Wherein, sequence S is the percentage shared in sequence database of the sequence comprising S in the support of sequence database；Sequence It is the sequence number in sequence database comprising S that S, which is arranged, in the support counting of sequence database.

7. a kind of data mining based on distributed early warning platform as described in claim 1 and depth analysis method, feature It is, before obtaining Social Media data, further includes:

Initialization data source, and new network address part is extracted from initial data, as the candidate network address for judging source of new data；

8. a kind of data mining based on distributed early warning platform as claimed in claim 7 and depth analysis method, feature It is, if the character string phase knowledge and magnanimity in candidate network address and initialization data source are not less than default similarity threshold, by candidate network address In data initialization, as Social Media data topic data；Wherein, editing distance is smaller, and similarity is bigger.

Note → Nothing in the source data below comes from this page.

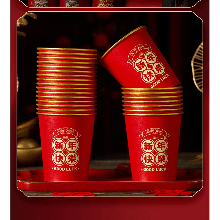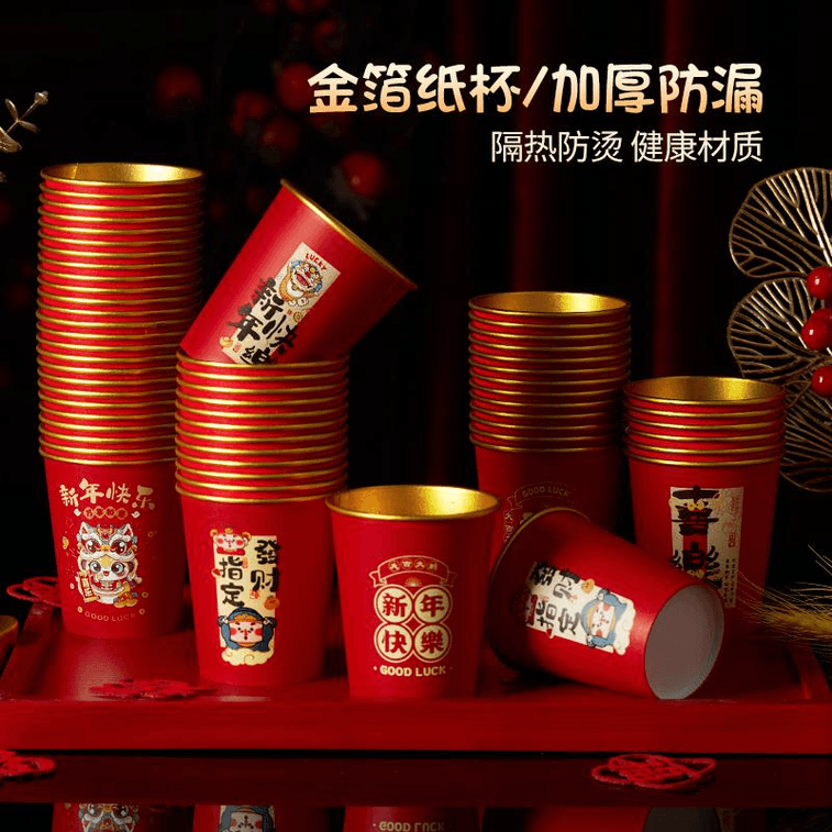 Yue Xiao Seven New Year Disposable Paper Cup 2025 Snake New Year Celebration Home Happy New Year 50 *1 Bag | Yami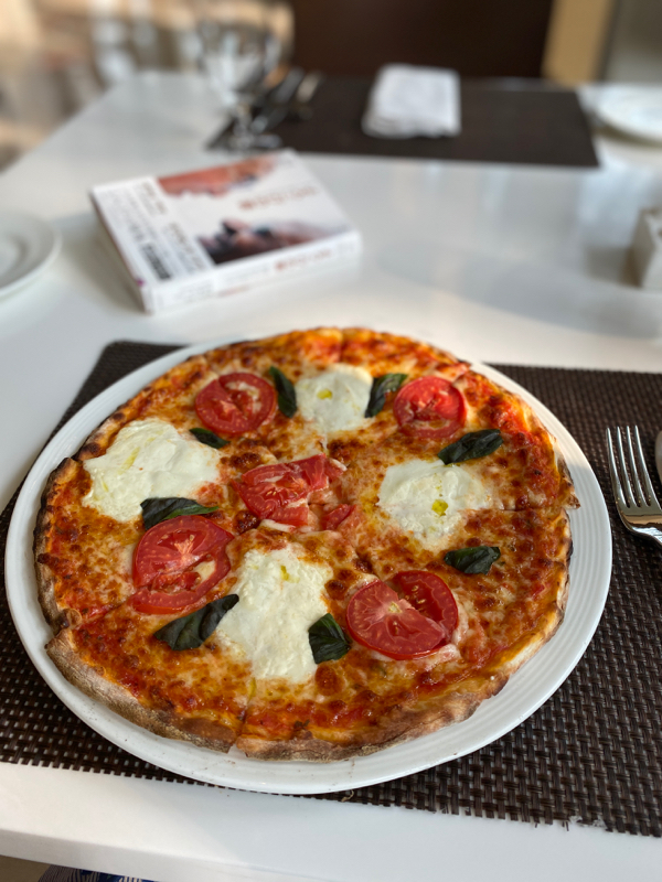 これはホテルでのひとりランチ。窯焼きピザ、旨し。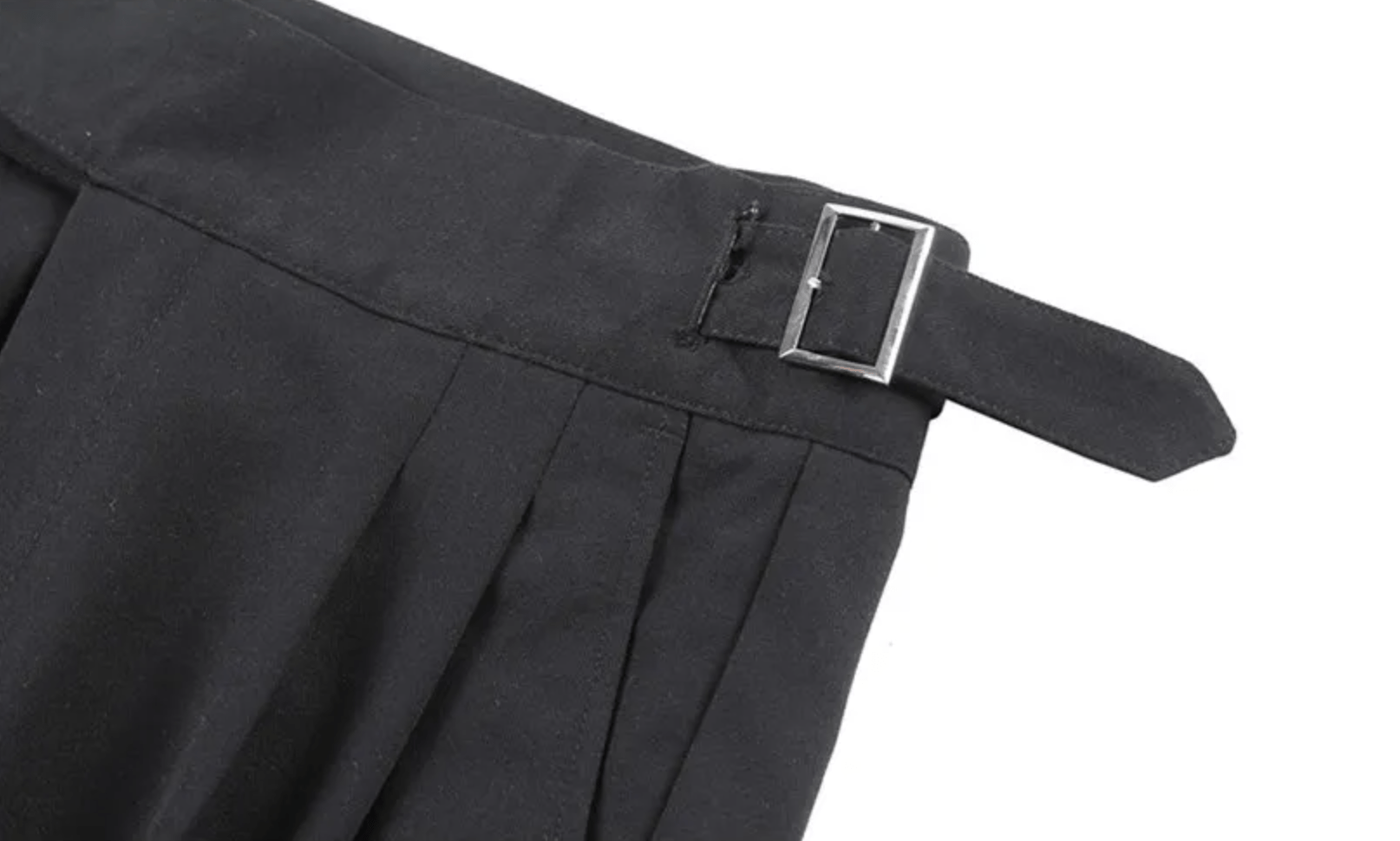 A modern nod to tradition, these Gurkha trousers feature a distinctive double-pleated waistband for an adjustable fit and refined silhouette. With their high-rise cut and tailored finish, they blend classic structure with contemporary ease—perfect for elevated everyday wear or formal occasions.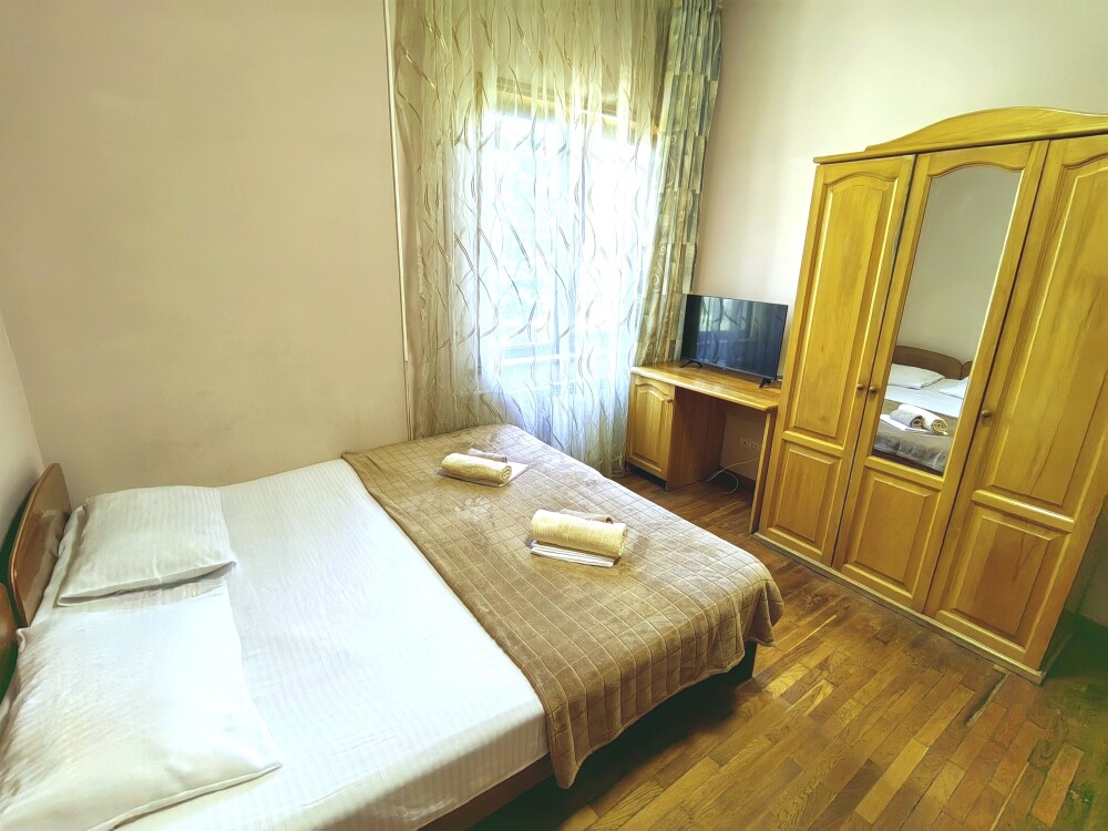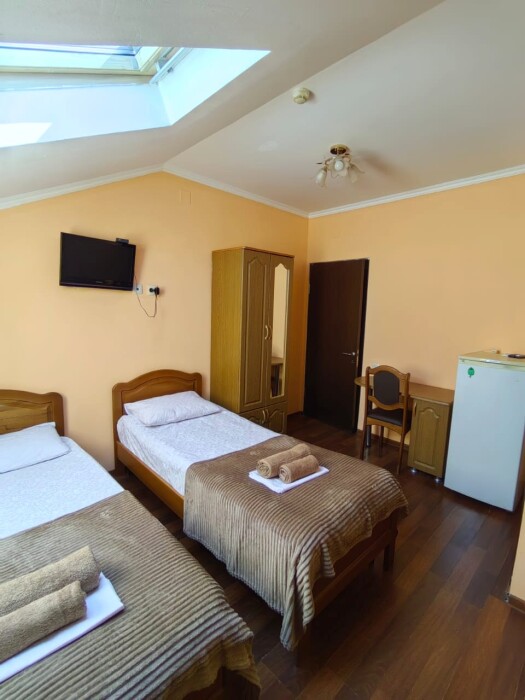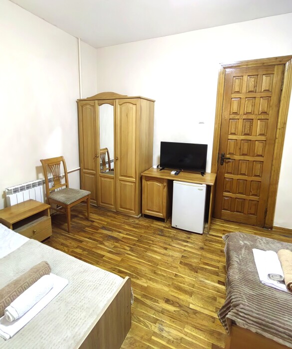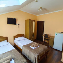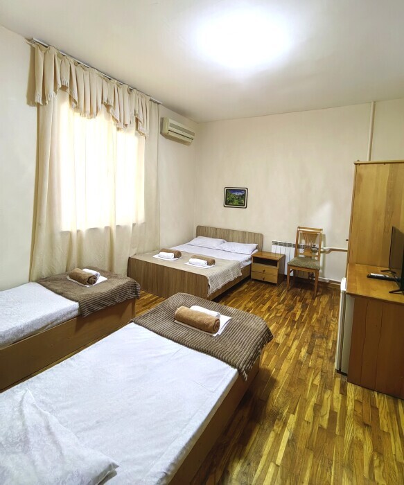 Стандартный номер для 4 гостей. Для комфортного проживания в номере телевизор, wi-fi, холодильник, кондиционер, стол, стулья, шкаф и санузел. Постельное бельё, пледы и полотенца предоставляем.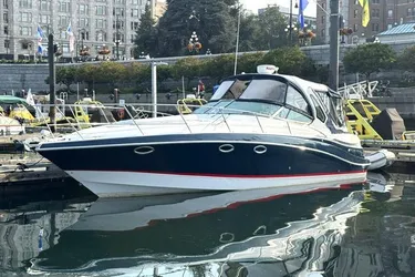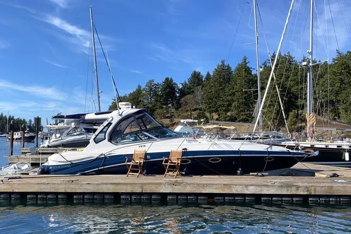 Sporty and luxurious, this Four Winns V375 has always been dry kept - no corrosion, and shows BRISTOL! Only 374 hours on twin Volvo PENTA 320 mains with sparkling clean Duo Prop outdrives and stainless props; she's easy to drive with joysitck docking; offering 25-40 mph, hold onto your hats! Be ready to enjoy your on-deck time with Magma grilling station and flip down 'rumble seat' on the expansive swim platform, plus transom underwater lighting. Full nav electronics, CruiseAir heat & A/C, Vacuflush, Kohler genset with only 41 hours, inflatable tender with electric outboard & Weaver davit, the list goes on!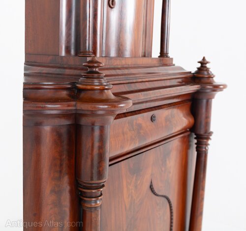 The upper section mirrors the classical design, having a single door flanked by turned columns and crowned with a shaped cornice, creating a balanced and architectural silhouette.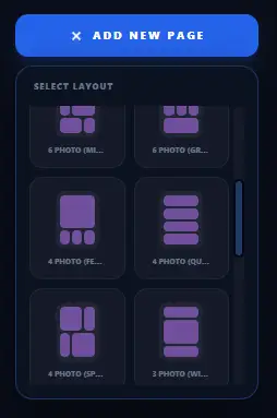 - Add Page: Select from various grid types (3x3, 4x4, mix of text and images).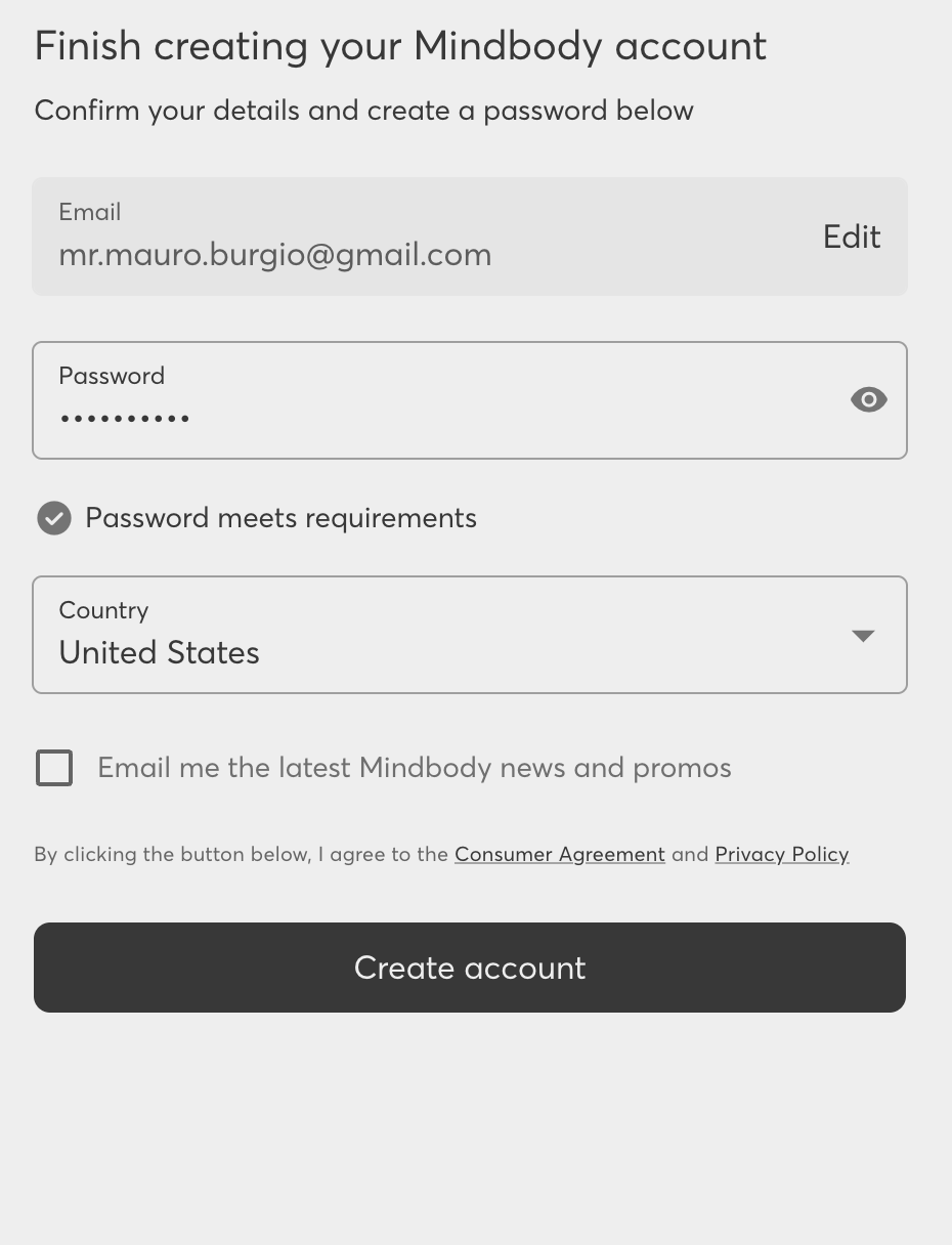 If you have not created a MindBody Account, you will be asked to create one at this time.

9. a kind of distribution early warning platform, including host node and coupled Map node and Reduce node, the main section In point, Map node and Reduce node include memory, processor and storage on a memory and can run on a processor Computer program, which is characterized in that the processor execute when realize as it is of any of claims 1-8 based on point The data mining of cloth early warning platform and the step in depth analysis method.

10. a kind of computer readable storage medium, is stored thereon with computer program, which is characterized in that the program is by processor It realizes when execution such as the data mining of any of claims 1-8 based on distributed early warning platform and depth analysis side Step in method.